One of Courtney Dauwalter's crew members praises her athletic ability: “She’s gotten a lot stronger because she works so hard. That’what I’ve seen more change, but […] the foundation of all that work is that she’s so strong.” (78). Finally, Kevin Murphy attempts to explain the deeper significance of UES: “People want to challenge their human frailties. I know I can beat the demons in my head that say, ‘You can’t do this.’” (77).

There is great interest in what UEA eat to sustain long distances.

Diet, food, and the quality of foods were alluded to fifty-three times. While some videos were produced to specifically discuss UEA nutrition strategies, almost all of them mentioned food intake or types of food. Tim Olson highlights his high fat paleo diet as integral to his success, noting that he likes to “eat really clean before a race.” (79). Furthermore, in the ultratriathlon video featuring Rich Roll, his vegan diet figures heavily. Roll contends that plants contain optimal nutrition for athletic performance and argues that the vegan diet “Will change who you are.” (75).

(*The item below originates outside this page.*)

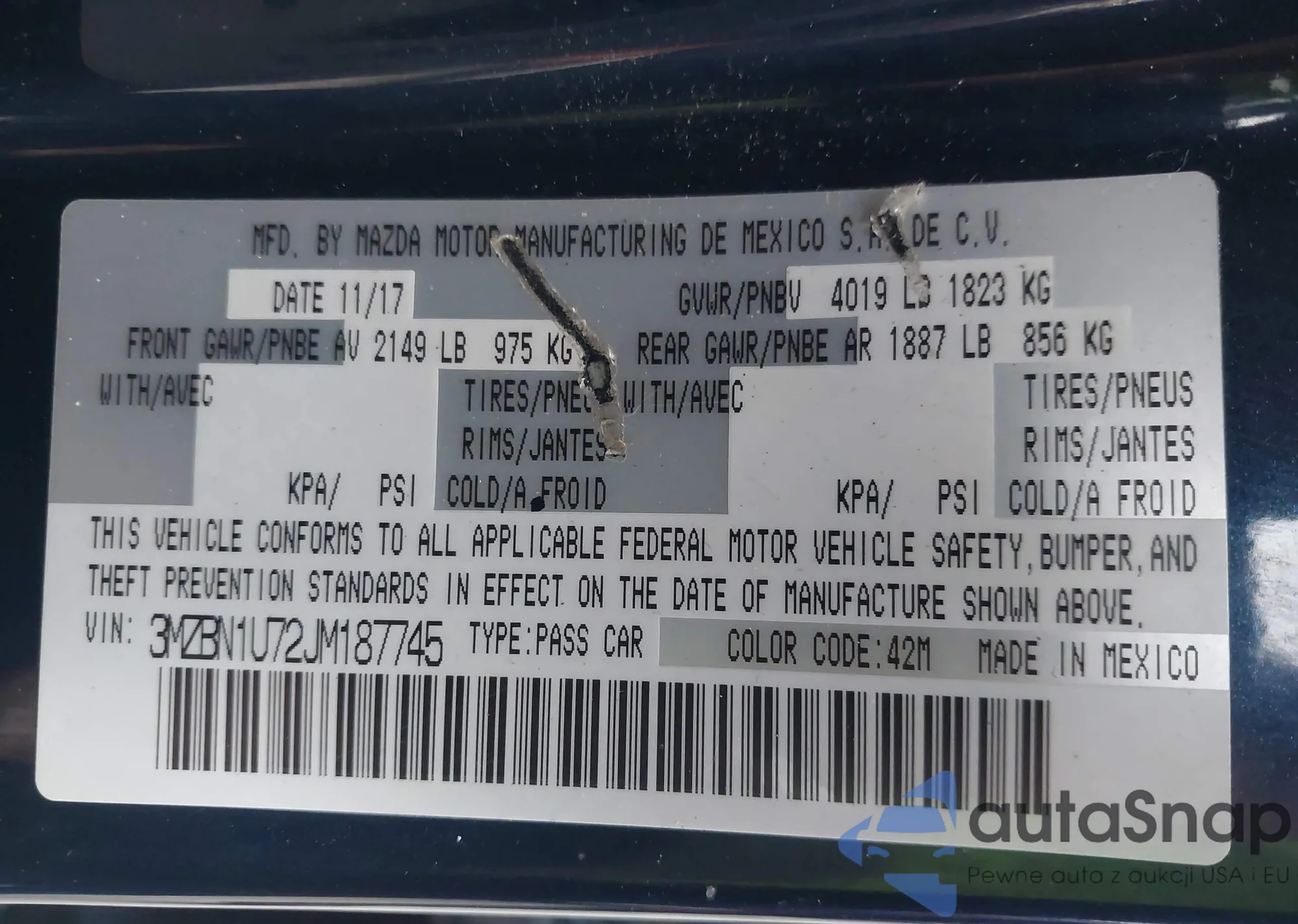 LOT: 43674356 VIN: 3MZBN1U72JM187745

Nonetheless, per representations in the videos, healthy foods and healthy eating habits may not be ubiquitous among UEA. “I’m pretty big on ice cream,” says Lael Wilcox in response to a question as to what she enjoys eating after a race (80). Additionally, Wilcox is asked what “unconventional” foods she relies on intra-race: “whole milk” although it's “kind of gross […] really hard on the stomach, but great for your legs.” (80). During an ultramarathon event, Courtney Dauwalter struggles with nausea and vomiting, a situation that can threaten her ability to finish the competition. One of her crew members describes what food she eventually ate, “We had cheese quesadillas and we’re like, ‘Do you want to try some pancakes and syrup?’ and she said ‘Ooh! That sounds good.’” He later affirms, “She loves candy.” (78). David Spelman, an endurance rower who broke the world record in 2019 for a two-person kayak Atlantic Ocean crossing recounts his team's strategy: “The more calories we can ingest in a 24 h period, the better the performance will be” (84). Spelman also discussed taking in upwards of 8,000 calories per day mostly through “nut butters” (84).

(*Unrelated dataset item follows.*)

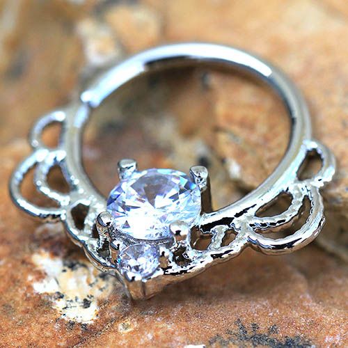 Fulfilled by our friends at Fashion Hut Jewelry• Ornate, filigree design with a Clear CZ on prong set• Filigree design looks like a beautiful draped lace embracing the Clear CZ• Annealed ring is easy to open and close• Ring Thickness : 16GA | 1.2mm• Ring Inner Diameter : 3/8" |...

Pain and suffering are great sources of pride.

Pain and references to suffering are mentioned thirty times in the videos. The YouTube content we analyzed suggests that the concept of “pushing through” is an accepted part of UES; based on the videos we investigated, pain is largely considered necessary, as is the purposeful ignorance of body signals—a theme we noted thirty times. This seemingly negative feature of UES is presented as an opportunity to demonstrate one's ability to endure and exhibit strength. Top ultramarathoner Courtney Dauwalter speaks about “getting into the pain cave” on several occasions when documenting her experiences at an ultramarathon event (78). This athlete affirms that a high school coach was instrumental in helping her become accustomed to physical suffering: “He taught me everything I know about how to go into the pain cave, that place where it really hurts, he was the one who taught us how to go in there and be ok with it.” (78). One of Dauwalter's crew members highlights the competitive advantages of this: “She has the ability to push through […] She went through a lot of pain and suffering at a young age and figured out that it’s not the end of the world.” (78).

Similarly, “As triathletes…we enjoy putting ourselves through pain,” says one of the hosts of Global Triathlon Network in a video about the most demanding triathlons (85). In another video, the ultramarathoner and author, Dean Karnazes indicates that the key to success is to: “Push through it. A lot comes down to grunt work. The important thing is that you keep pushing.” (82). On the topic of training for ultra endurance events, the professional cyclist, Laura Penhaul, describes the mental challenge of the sport, “It really strips you back to your raw behaviors. It strips you bare mentally. It takes you to the depths.” (86). Correspondingly, a sports psychologist explains the mindset of an UEA in a BBC video: “You know it’s going to hurt, but you’re willing to expose yourself to that. When they think about managing pain, they just love it. [The athlete must say] I might feel tired, I might feel uncomfortable, but I have to push through that.” (77). Finally, in a “how-to” video on training for ultra endurance events, the presenter argues that training should “teach your body and mind to keep going when already fatigued.” (86).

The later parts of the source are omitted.